* _Task to carry out_:
Each entry should be printed exactly, with its images omitted.

* _Listed entries_:
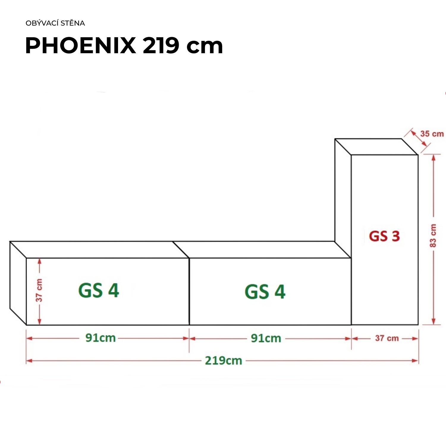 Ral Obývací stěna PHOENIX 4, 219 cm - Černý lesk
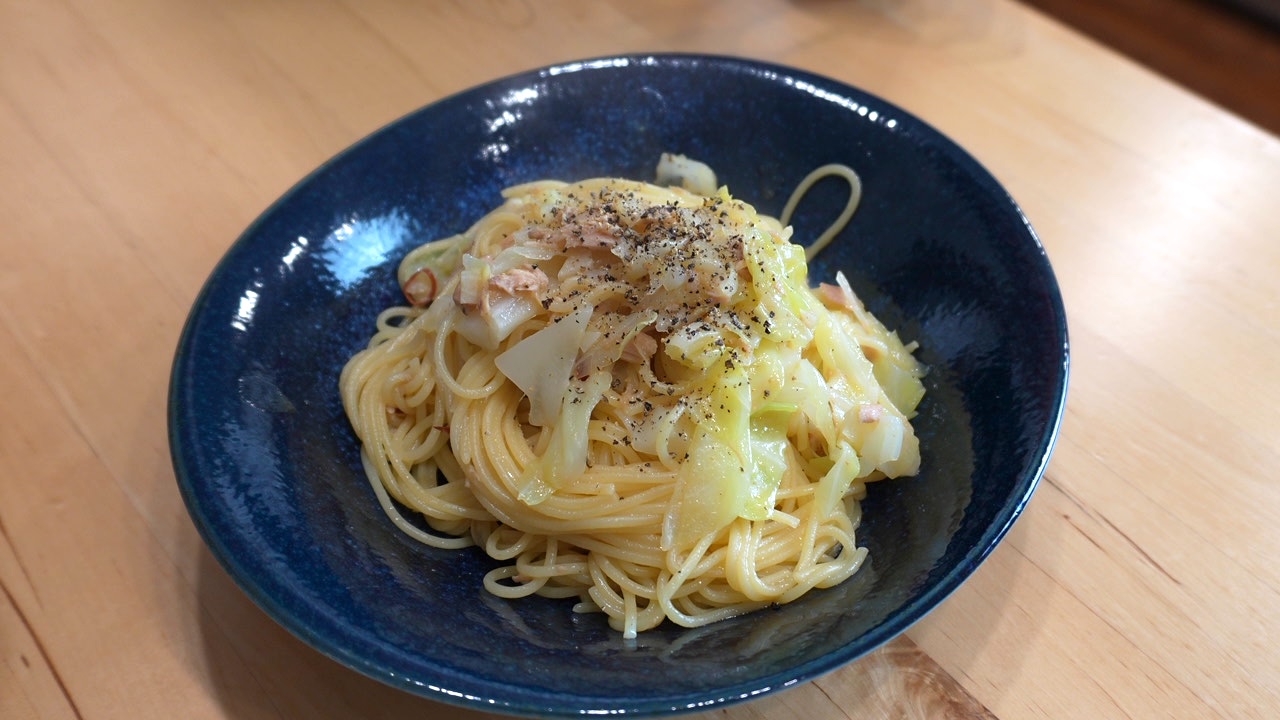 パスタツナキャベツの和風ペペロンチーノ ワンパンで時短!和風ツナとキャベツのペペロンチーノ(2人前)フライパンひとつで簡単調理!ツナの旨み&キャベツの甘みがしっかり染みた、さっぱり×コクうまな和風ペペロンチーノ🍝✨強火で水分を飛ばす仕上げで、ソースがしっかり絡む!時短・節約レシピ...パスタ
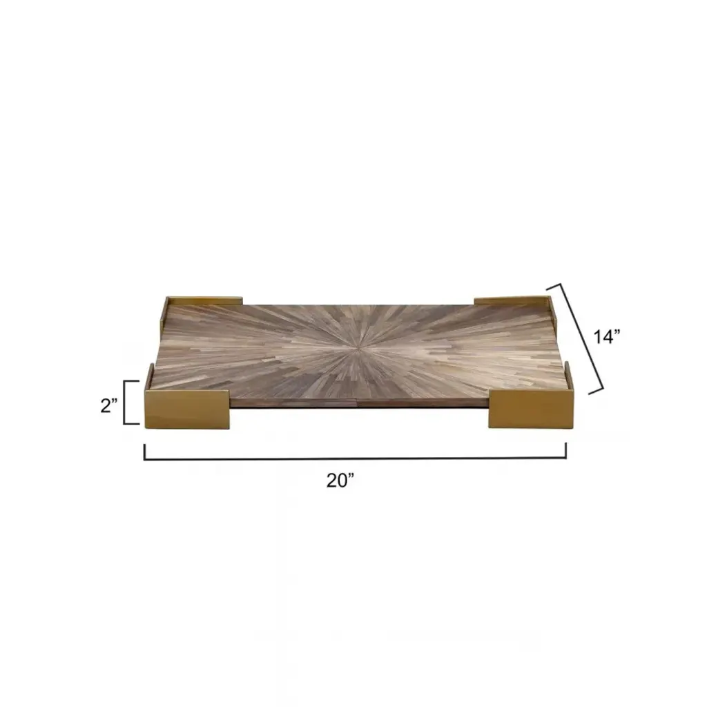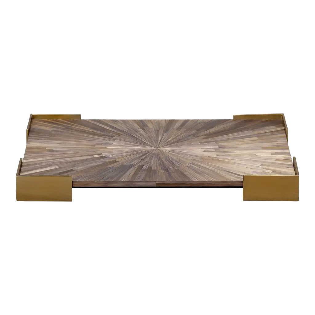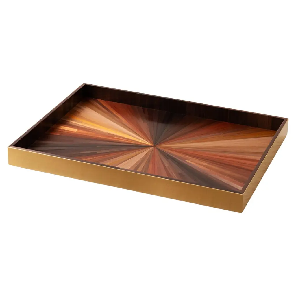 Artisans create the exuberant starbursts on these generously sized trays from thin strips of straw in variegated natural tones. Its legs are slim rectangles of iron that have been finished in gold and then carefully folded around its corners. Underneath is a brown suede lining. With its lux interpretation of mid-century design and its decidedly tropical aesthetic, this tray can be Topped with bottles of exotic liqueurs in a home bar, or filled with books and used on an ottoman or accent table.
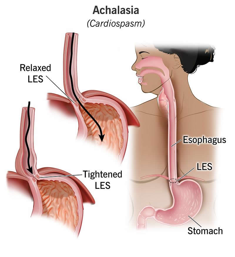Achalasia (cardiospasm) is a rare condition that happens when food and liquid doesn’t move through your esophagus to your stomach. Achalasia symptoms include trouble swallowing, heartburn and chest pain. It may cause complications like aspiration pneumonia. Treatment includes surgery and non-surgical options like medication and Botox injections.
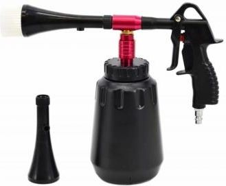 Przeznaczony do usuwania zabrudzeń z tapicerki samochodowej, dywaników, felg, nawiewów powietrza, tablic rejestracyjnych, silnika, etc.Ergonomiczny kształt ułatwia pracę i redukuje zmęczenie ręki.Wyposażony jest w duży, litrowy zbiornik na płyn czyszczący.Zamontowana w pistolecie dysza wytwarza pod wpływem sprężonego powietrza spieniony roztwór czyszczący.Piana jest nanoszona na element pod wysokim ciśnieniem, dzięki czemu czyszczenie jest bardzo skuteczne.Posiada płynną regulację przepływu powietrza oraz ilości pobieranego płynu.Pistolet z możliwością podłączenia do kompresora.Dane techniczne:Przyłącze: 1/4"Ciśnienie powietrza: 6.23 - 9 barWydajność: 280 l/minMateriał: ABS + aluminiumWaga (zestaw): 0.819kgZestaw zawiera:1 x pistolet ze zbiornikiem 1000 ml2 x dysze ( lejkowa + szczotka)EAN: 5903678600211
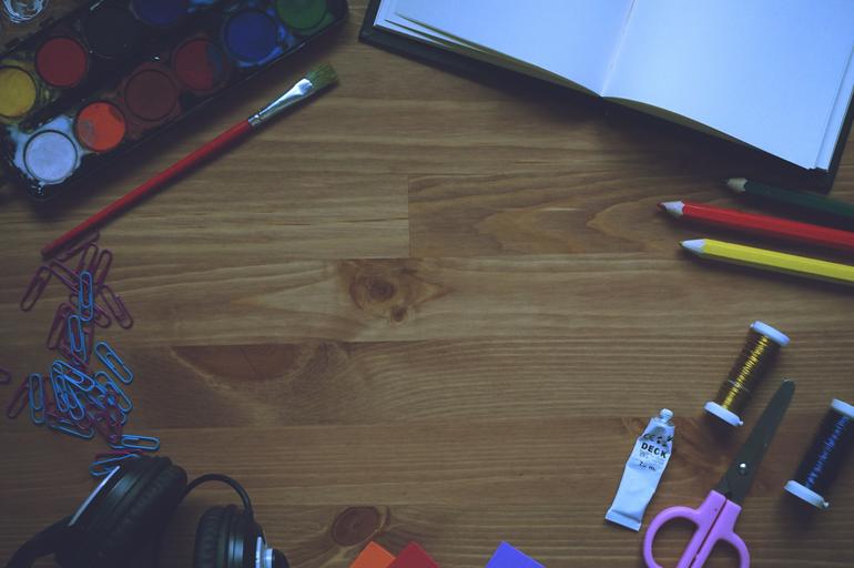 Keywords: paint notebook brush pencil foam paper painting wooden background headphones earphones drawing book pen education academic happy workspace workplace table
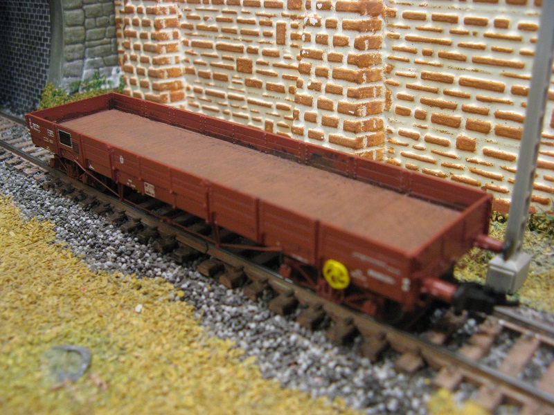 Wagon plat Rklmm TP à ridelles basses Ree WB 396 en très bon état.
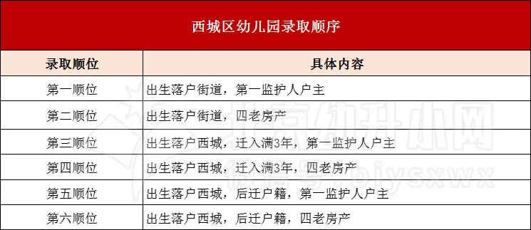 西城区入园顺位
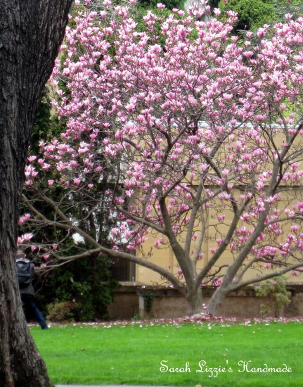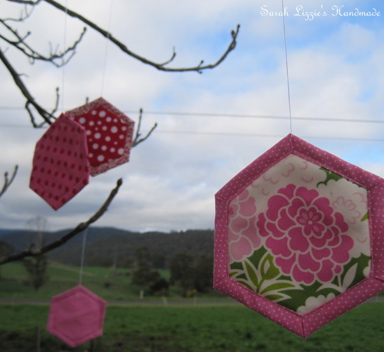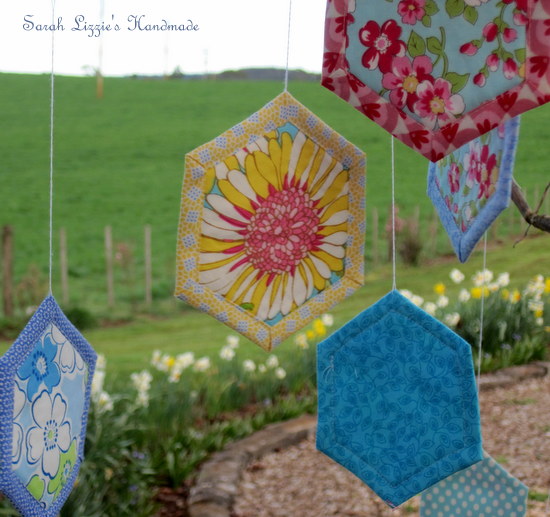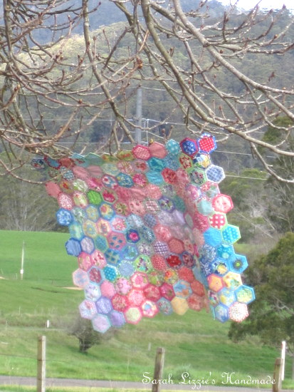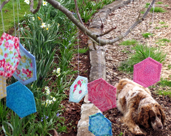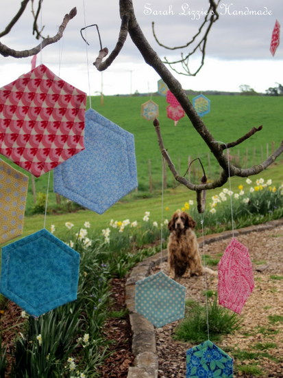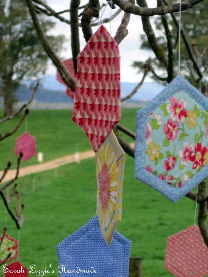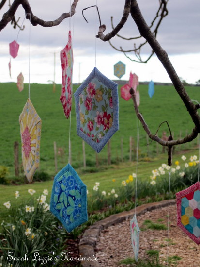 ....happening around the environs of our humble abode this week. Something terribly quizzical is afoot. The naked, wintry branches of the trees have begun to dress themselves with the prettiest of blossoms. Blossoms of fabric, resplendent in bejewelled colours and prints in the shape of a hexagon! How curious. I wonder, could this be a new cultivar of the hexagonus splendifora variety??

* _Answer for this exercise_:
 Ral Obývací stěna PHOENIX 4, 219 cm - Černý lesk
 パスタツナキャベツの和風ペペロンチーノ ワンパンで時短!和風ツナとキャベツのペペロンチーノ(2人前)フライパンひとつで簡単調理!ツナの旨み&キャベツの甘みがしっかり染みた、さっぱり×コクうまな和風ペペロンチーノ🍝✨強火で水分を飛ばす仕上げで、ソースがしっかり絡む!時短・節約レシピ...パスタ
 Artisans create the exuberant starbursts on these generously sized trays from thin strips of straw in variegated natural tones. Its legs are slim rectangles of iron that have been finished in gold and then carefully folded around its corners. Underneath is a brown suede lining. With its lux interpretation of mid-century design and its decidedly tropical aesthetic, this tray can be Topped with bottles of exotic liqueurs in a home bar, or filled with books and used on an ottoman or accent table.
Achalasia (cardiospasm) is a rare condition that happens when food and liquid doesn’t move through your esophagus to your stomach. Achalasia symptoms include trouble swallowing, heartburn and chest pain. It may cause complications like aspiration pneumonia. Treatment includes surgery and non-surgical options like medication and Botox injections.
 Przeznaczony do usuwania zabrudzeń z tapicerki samochodowej, dywaników, felg, nawiewów powietrza, tablic rejestracyjnych, silnika, etc.Ergonomiczny kształt ułatwia pracę i redukuje zmęczenie ręki.Wyposażony jest w duży, litrowy zbiornik na płyn czyszczący.Zamontowana w pistolecie dysza wytwarza pod wpływem sprężonego powietrza spieniony roztwór czyszczący.Piana jest nanoszona na element pod wysokim ciśnieniem, dzięki czemu czyszczenie jest bardzo skuteczne.Posiada płynną regulację przepływu powietrza oraz ilości pobieranego płynu.Pistolet z możliwością podłączenia do kompresora.Dane techniczne:Przyłącze: 1/4"Ciśnienie powietrza: 6.23 - 9 barWydajność: 280 l/minMateriał: ABS + aluminiumWaga (zestaw): 0.819kgZestaw zawiera:1 x pistolet ze zbiornikiem 1000 ml2 x dysze ( lejkowa + szczotka)EAN: 5903678600211
 Keywords: paint notebook brush pencil foam paper painting wooden background headphones earphones drawing book pen education academic happy workspace workplace table
 Wagon plat Rklmm TP à ridelles basses Ree WB 396 en très bon état.
 西城区入园顺位
 ....happening around the environs of our humble abode this week. Something terribly quizzical is afoot. The naked, wintry branches of the trees have begun to dress themselves with the prettiest of blossoms. Blossoms of fabric, resplendent in bejewelled colours and prints in the shape of a hexagon! How curious. I wonder, could this be a new cultivar of the hexagonus splendifora variety??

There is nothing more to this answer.